What we have learned since the budget announcements – the Aecom study etc.
- The Expressway – timetable now clearer, corridor B chosen, whether North or South Oxford – specific route consultation on options next year.
- East-West Rail, consultation on route options for central section (Bedford to Cambridge) early next year, will this be integrated with consideration of potential new Settlement locations in the assessment/SEA. CBA – of course not that would be far too much like good practice or common sense to be considered.
- Oxfordshire- launch of JSP process in January.
- South Oxfordshire – now about to agree local plan (last in Oxon – which includes GB sites around Oxford). That deals with growth to 2035 ius – now that is ‘agreed’ JSP can begin to look at longer term options.
- The 1 million chancellors target is out of date – as then the arc didn’t include South Bucks or North Northants – both are now in. The Budget documents didn’t mention a housing target.
- There are submissions to the Garden Communities proposal – but they are small. Nationally only add up to half a million, average 5,000 each. No sign of the large settlements of 50,000+ favoured by Homes England, no way forward suggested of how these will come about other than through JSPs.

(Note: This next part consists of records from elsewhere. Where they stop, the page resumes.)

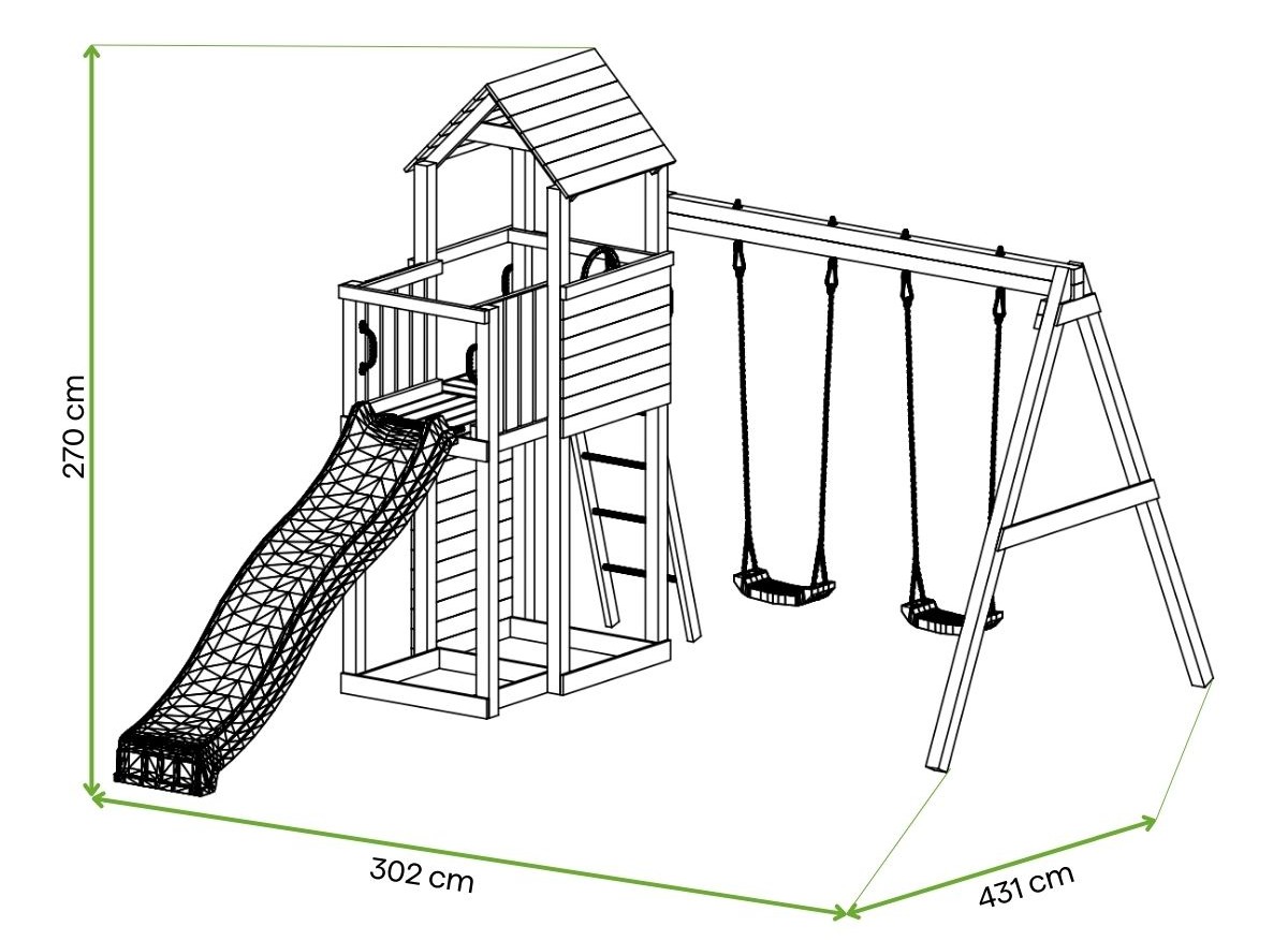 Wymiary placu zabaw: 431 x 302 x 270 cm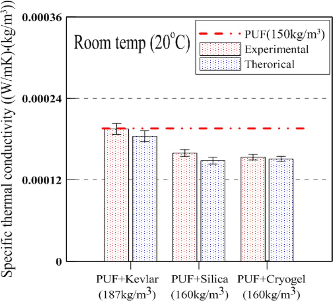 PUF에 대해 케블라, 에어로겔, 그리고 크라이오겔 복합 매트를 보강하였다. 열적 성능의 변화를 확인하기 위해서 상온에서의 열전도율을 측정하였으며,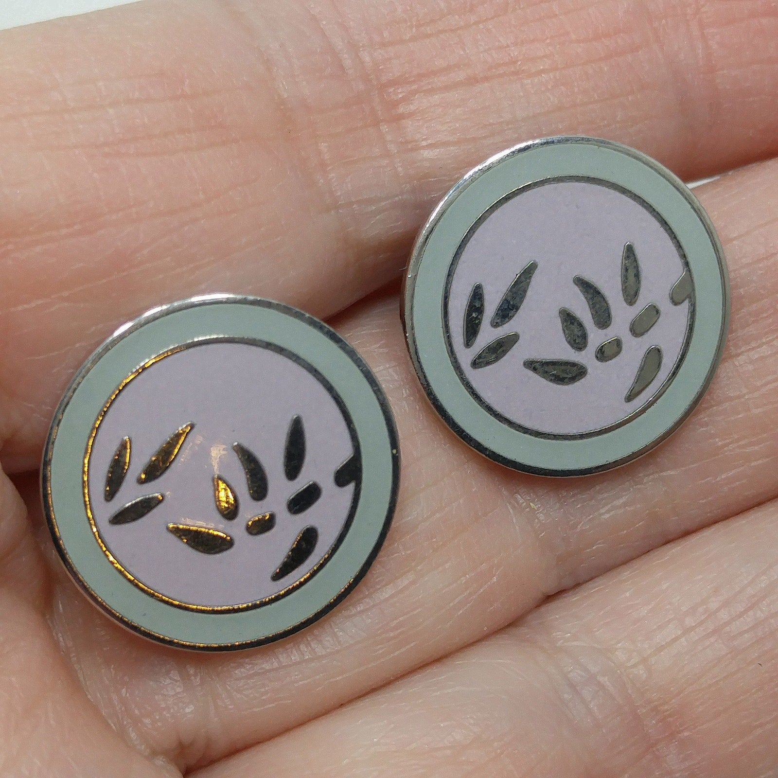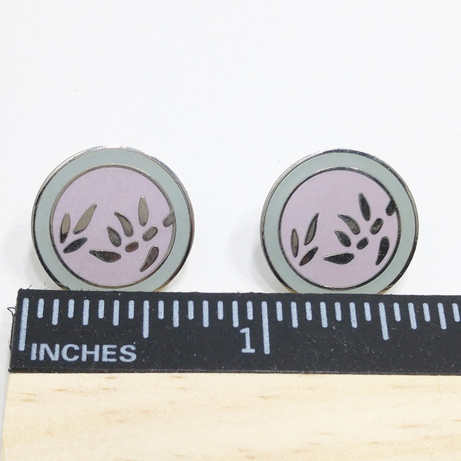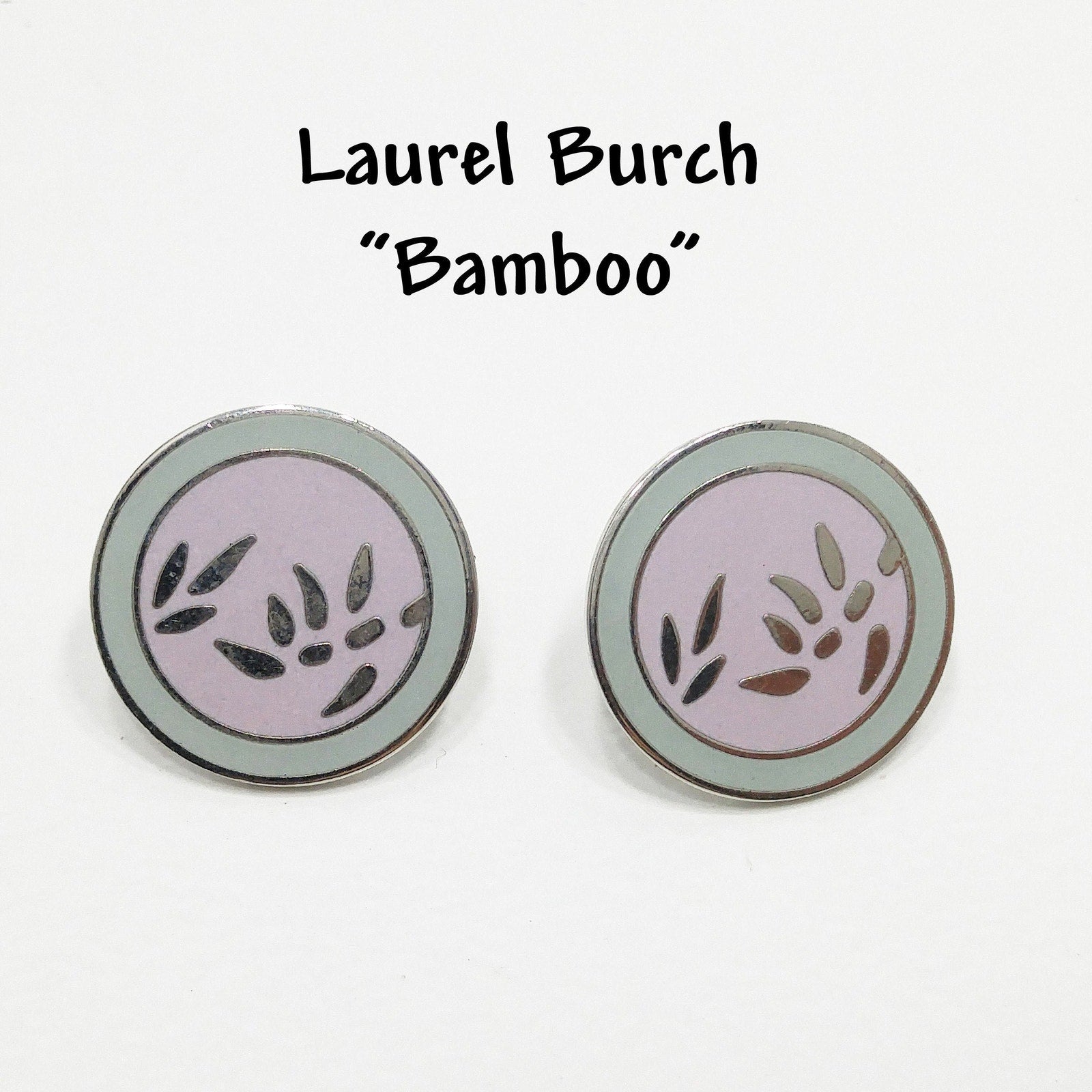 *Description: This is a beautiful pastel pair of Laurel Burch "Bamboo" post earrings from the 1980s. The cloisonne and backing a silver tone gold plate and the enamel is a pink/lavender center with silver bamboo; outlined in a mint green/gray enamel. The color of these earrings look slightly different depending on the lights. The color combination is beautiful and are lovely pastel enamel colors.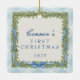 Baby's 1st Christmas blue gingham photo Ceramic Ornament

- Cambridgeshire is stalling. Crazy combined authority events are slowing everything as the post 2035 JSP wont conclude until the infrastructure plan till 2035 is agreed, and James Palmer v Cambridge/South Cambs has become a soap opera. He ran against a busway, is now in favour of a busway with tunnels (no budget for tunnels and sacked the finance director for saying that) and complains against Greater Cambridge Partnership for saying that as he is now backing a busway lets build a busway to Cambourne. yes its that petty and silly. The leader in the Arc is now the laggard.
- Northamptonshire – broke – going to two unitaries. So nothing happening strategic wise, consumes everything
- Bucks – going to one Unitary – which makes it interesting as any plan will now have to consider the 15,000 overspill from Slough and the Western edge of Heathrow
- Milton Keynes – announcement on expansion to 400k delayed after intervention from local mps. They seem to have an ambition to grow to 500k also which seems just to be a number plucked from mid air
- Central Beds – got there submission in which if adopted will give them 5 years under the HDT. What incentive do they now have to contribute to teh ARC wider aspirations and SOAN – none. Good example of lack of joined up government thinking.
- Heart of England – the real driver and leagues above any similar partnership in England.
So lets sum this up, joint planning by sector is none existent or now dysfunctional everywhere in the Arc except Oxfordshire – who would have predicted that two years ago when peace breaking out in Oxfordshire would have been as likely as an Iran-Saudi Arabia friendship agreement. Four key roadblocks now to progress:
- Strategic Infrastructure corridors disjointed from strategic planning
- Local Government is unstable – unstable local government cannot plan
- Combined Authority – introduction was a big step backwards disrupting joint working in South Cambridgeshire that was at last working well.
- No real incentive for anyone to put forward large new Garden Communities to meet larger than local need.